この新しいプロパティについてTypeScriptに伝える方法は次のとおりです。
// types/express.d.tsファイル内
// 拡張するには、元の型をインポートする必要があります
import { UserProfile } from './auth'; // UserProfile型があると仮定します
// 'express-serve-static-core'モジュールを拡張していることをTypeScriptに伝えます
declare module 'express-serve-static-core' {
// そのモジュール内の 'Request' インターフェースをターゲットにします
interface Request {
// カスタムプロパティを追加します
user?: UserProfile;
}
}
これで、アプリケーション全体で、Express `Request`オブジェクトはオプションの`user`プロパティで正しく型付けされ、完全な型安全と自動補完が得られます。
トリプルスラッシュディレクティブ
.d.tsファイルの先頭に3つのスラッシュ(///)で始まるコメントが表示されることがあります。これらはトリプルスラッシュディレクティブであり、コンパイラの指示として機能します。
/// <reference types="..." />:これは最も一般的なものです。別のパッケージの型定義を依存関係として明示的に含めます。たとえば、WebdriverIOプラグインの型には、/// <reference types="webdriverio" />が含まれている場合があります。これは、独自の型がコアWebdriverIO型に依存しているためです。/// <reference path="..." />:これは、同じプロジェクト内の別のファイルへの依存関係を宣言するために使用されます。これは古い構文であり、ESモジュールインポートにほぼ取って代わられています。

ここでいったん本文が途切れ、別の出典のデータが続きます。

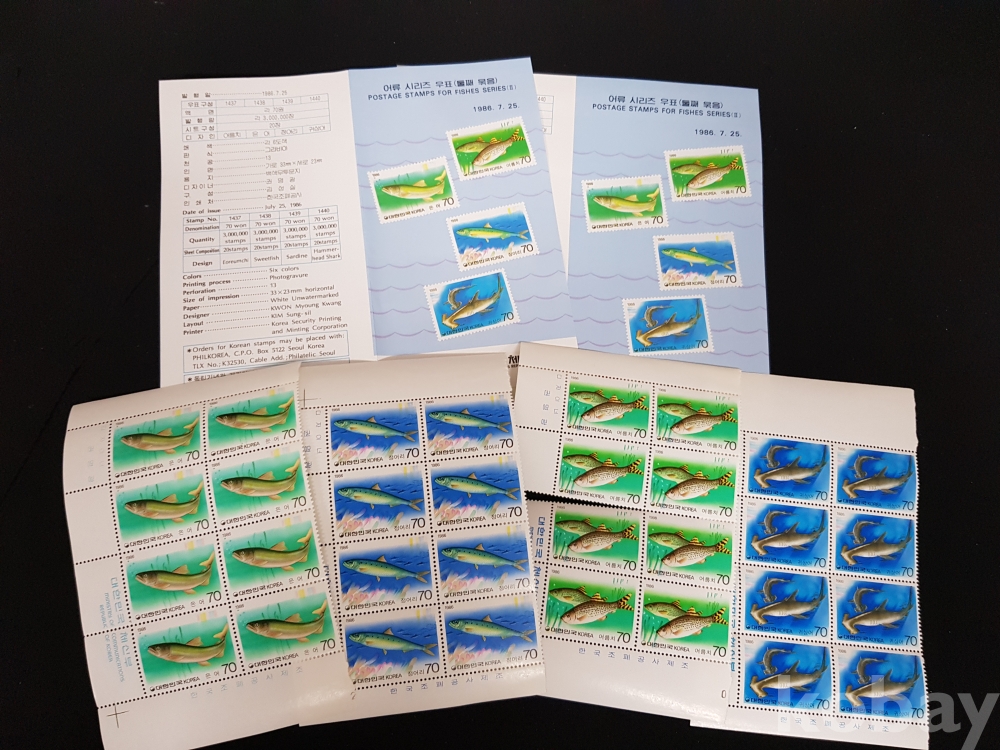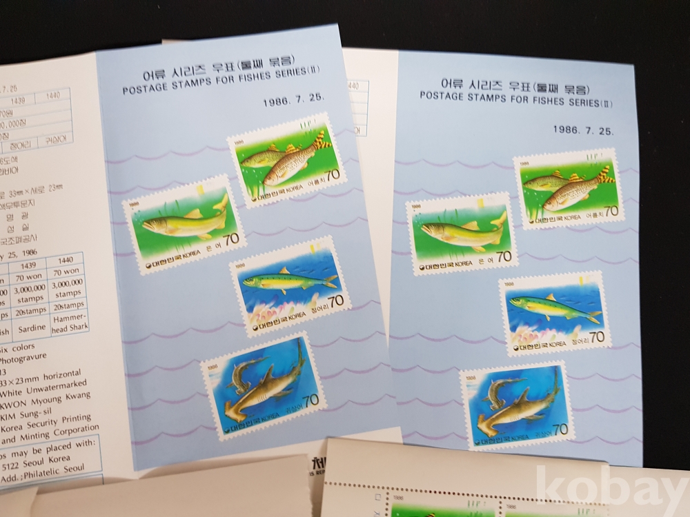 - 1986년 어류시리즈 제 2집 안내카드, 초일봉피, 명판 등 모음
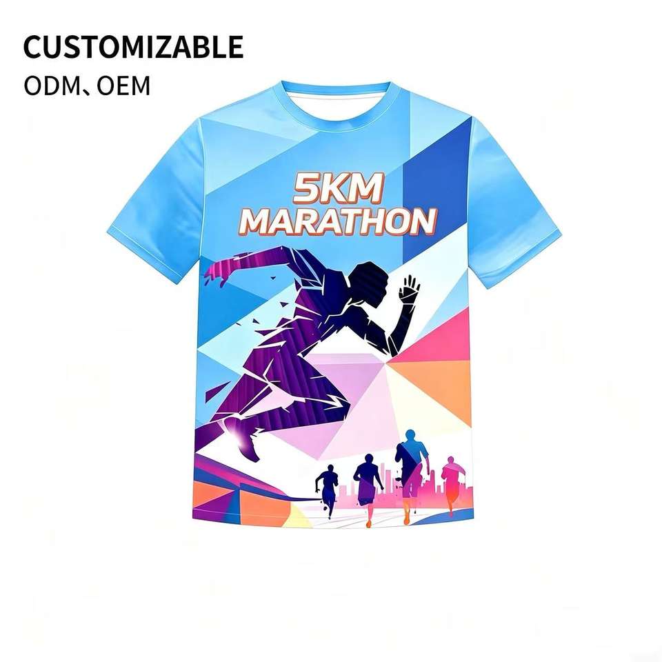 เสื้อยืดวิ่งมาราธอนพิมพ์ลายโลโก้ตามสั่งราคาถูก เสื้อยืดโฆษณาพิมพ์ลาย 3 มิติ เสื้อยืดโพลีเอสเตอร์เปล่าสำหรับงานซับลิเมชั่น

Declaration Filesを管理するためのベストプラクティス
- バンドルされた型を優先する:ライブラリを選択する際は、TypeScriptで記述されているか、独自の公式型定義をバンドルしているものを優先します。これは、TypeScriptエコシステムへのコミットメントを示しています。
devDependenciesに@typesを保持する:常に--save-devまたは-Dを使用して@typesパッケージをインストールしてください。これらは本番コードには必要ありません。- バージョンを揃える:一般的なエラーの原因は、ライブラリのバージョンと
@typesバージョンの不一致です。ライブラリのメジャーバージョンアップ(たとえば、v2からv3へ)では、APIに破壊的な変更が生じる可能性が高く、これは@typesパッケージに反映される必要があります。これらを同期させるようにしてください。 tsconfig.jsonを使用して制御する:tsconfig.jsonのtypeRootsおよびtypesコンパイラオプションを使用すると、TypeScriptがdeclaration fileを探す場所を細かく制御できます。typeRootsは、コンパイラがチェックするフォルダ(デフォルトでは./node_modules/@types)を指示し、typesを使用すると、含める型パッケージを明示的にリストできます。- 貢献する:型を持たないライブラリの包括的なdeclaration fileを作成する場合は、それをDefinitelyTypedプロジェクトに貢献することを検討してください。これは、グローバルな開発者コミュニティに貢献し、何千人もの他の人を助けるための素晴らしい方法です。
結論:型安全の縁の下の力持ち
TypeScript Declaration Filesは、JavaScriptのダイナミックで広大な世界を、堅牢で型安全な開発環境にシームレスに統合することを可能にする縁の下の力持ちです。これらは、ツールに力を与え、無数のバグを防ぎ、コードベースをより回復力があり、自己文書化するようにする重要なリンクです。
.d.tsファイルを見つけ、使用し、さらには作成する方法を理解することで、コンパイラエラーを修正するだけでなく、開発ワークフロー全体を向上させています。TypeScriptとJavaScriptライブラリの豊富なエコシステムの両方の可能性を最大限に引き出し、グローバルな聴衆のために、より優れた、より信頼性の高いソフトウェアを生み出す強力な相乗効果を生み出しています。